Regional Casino Stocks Not Investor Faves, Says Analyst

Shares of casino operators with Las Vegas Strip and Macau exposure are performing well this year, but showings for regional casino stocks are far more tepid.

Regional gaming stocks
Hollywood Casino at Penn National Race Course in Pennsylvania. An analyst says regional casino stocks are out of favor with investors. (Image: The Street)

In a new report to clients, Deutsche Bank analyst Carlo Santarelli noted that while the regional gaming space is stable, it’s out of favor with investors “given the perceived higher likelihood off negative revisions, relative to upward revisions, within the group.”

With today representing the end of the second quarter, investors will turn their attention to upcoming earnings reports from regional operators. Owing to a rough calendar in April and some gross gaming revenue (GGR) retrenchment in May, the June quarter could be tough on regional operators, but overall spending at these venues remains steady.

Relative to 2019, spend per visitor remains ~30-35% higher, driving continued GGR growth, despite admissions remaining ~20% below 2019 levels,” observed Santarelli. “Recall, we believe the spend per visitor increase relates more to mix, with the lowest spending customers accounting for the majority of the shortfall in admissions, while the remaining customers spend only marginally more.”

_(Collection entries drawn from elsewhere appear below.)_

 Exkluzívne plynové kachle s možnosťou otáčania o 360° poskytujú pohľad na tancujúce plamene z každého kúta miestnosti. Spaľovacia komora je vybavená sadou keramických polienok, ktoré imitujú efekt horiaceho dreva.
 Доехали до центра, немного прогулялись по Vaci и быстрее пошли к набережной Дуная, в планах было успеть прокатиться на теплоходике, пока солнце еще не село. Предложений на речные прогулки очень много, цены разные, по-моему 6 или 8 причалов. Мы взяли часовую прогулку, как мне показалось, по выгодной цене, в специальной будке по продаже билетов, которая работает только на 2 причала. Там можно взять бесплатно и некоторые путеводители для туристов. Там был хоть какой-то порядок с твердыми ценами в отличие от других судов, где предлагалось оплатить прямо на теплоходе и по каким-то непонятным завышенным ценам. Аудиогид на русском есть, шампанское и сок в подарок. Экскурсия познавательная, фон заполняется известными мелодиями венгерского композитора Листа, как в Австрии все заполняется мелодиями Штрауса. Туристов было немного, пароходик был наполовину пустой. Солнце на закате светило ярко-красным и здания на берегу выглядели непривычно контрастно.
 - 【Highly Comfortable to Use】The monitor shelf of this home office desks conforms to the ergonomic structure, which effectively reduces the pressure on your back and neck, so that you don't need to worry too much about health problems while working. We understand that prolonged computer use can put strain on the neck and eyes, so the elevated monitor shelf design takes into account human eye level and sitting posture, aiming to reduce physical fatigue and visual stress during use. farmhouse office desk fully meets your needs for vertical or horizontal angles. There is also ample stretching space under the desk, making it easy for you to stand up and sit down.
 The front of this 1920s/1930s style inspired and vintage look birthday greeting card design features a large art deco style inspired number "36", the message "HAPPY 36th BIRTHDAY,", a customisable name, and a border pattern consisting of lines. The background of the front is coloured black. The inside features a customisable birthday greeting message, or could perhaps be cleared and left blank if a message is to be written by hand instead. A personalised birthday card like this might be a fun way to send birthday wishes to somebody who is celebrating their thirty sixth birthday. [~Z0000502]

With the summer travel season here, the third quarter could be a make-or-break period in terms of 2023 share price performance for some regional casino stocks.

Macro Issues Still Pivotal for Regional Casino Stocks

While there’s little evidence of economic contraction on the Las Vegas Strip and Macau is rebounding in earnest, macroeconomic headwinds linger for regional casino stocks.

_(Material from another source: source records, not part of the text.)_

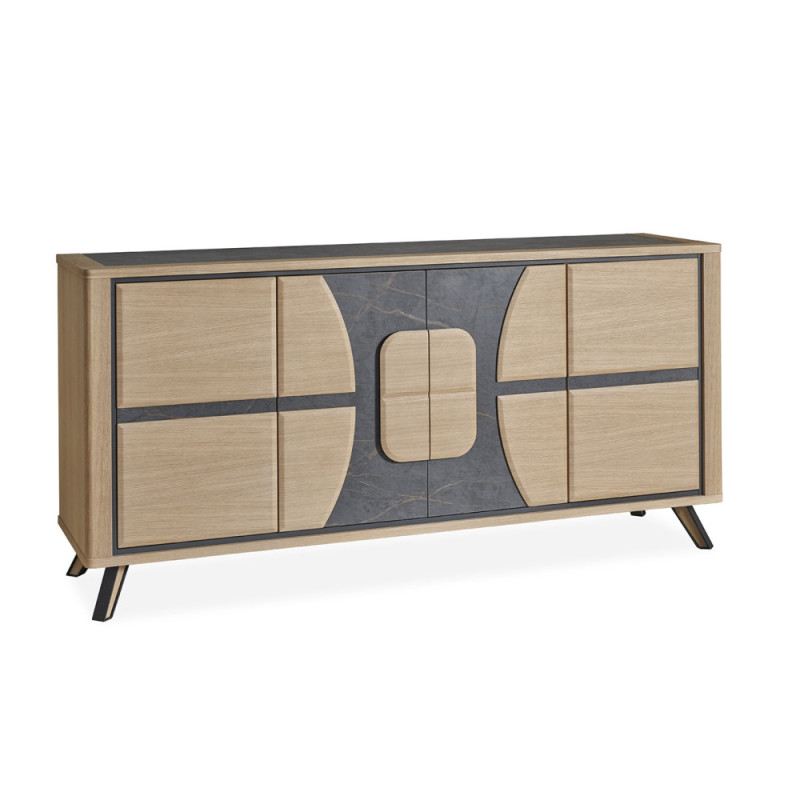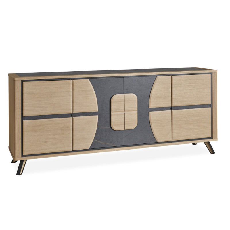 Découvrez l'élégante enfilade OMEGA, un chef-d'œuvre exquis en placage chêne, soigneusement conçu avec quatre portes sophistiquées. Les portes centrales, ornées d'une sublime incrustation en céramique, apportent une touche de modernité et de luxe, tandis que le plateau, accentue l'harmonie de l'ensemble.
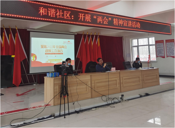 第四师可克达拉市驻霍尔果斯市伊车嘎善锡伯乡和谐社区工作队干部和社区“两委”成员认真准备宣讲内容,积极向社区居民宣传全国两会精神。
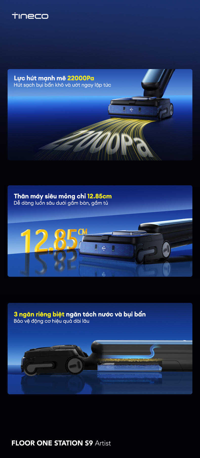 Máy hút bụi lau sàn khô ướt Tineco FLOOR ONE STATION S9 Artist là sự kết hợp hoàn hảo giữa công nghệ, hiệu năng và thiết kế. Với hàng loạt tính năng vượt trội như lực hút 22.000Pa, lau nước nóng, tự động làm sạch và vận hành thông minh, sản phẩm xứng đáng là lựa chọn hàng đầu cho mọi gia đình hiện đại.

Those include inflation sapping real wages and the specter of higher gas prices as the summer travel season kicks into high gear. While the Consumer Price Index (CPI) is declining, it’s still at more than double the levels seen at the end of 2020. Relevant to the gaming industry is the point that inflation has acted as a tax, by some estimates trimming US workers’ earnings for more than two years.

“From 2007 through 2019, average weekly earnings and regional GGR experienced a correlation of 0.88. Thus, we believe it is reasonable for investors to contemplate the relationship between real wages and GGR performance when looking ahead,” added Santarelli. “Given real wages have been down over the LTM period ending March, the healthy GGR performance, has been somewhat surprising, albeit it, favorable 1Q23 weather has helped.”

As of April, real wages declined nearly 4% since President Biden took office, according to the Repbulican-controlled House Budget Committee.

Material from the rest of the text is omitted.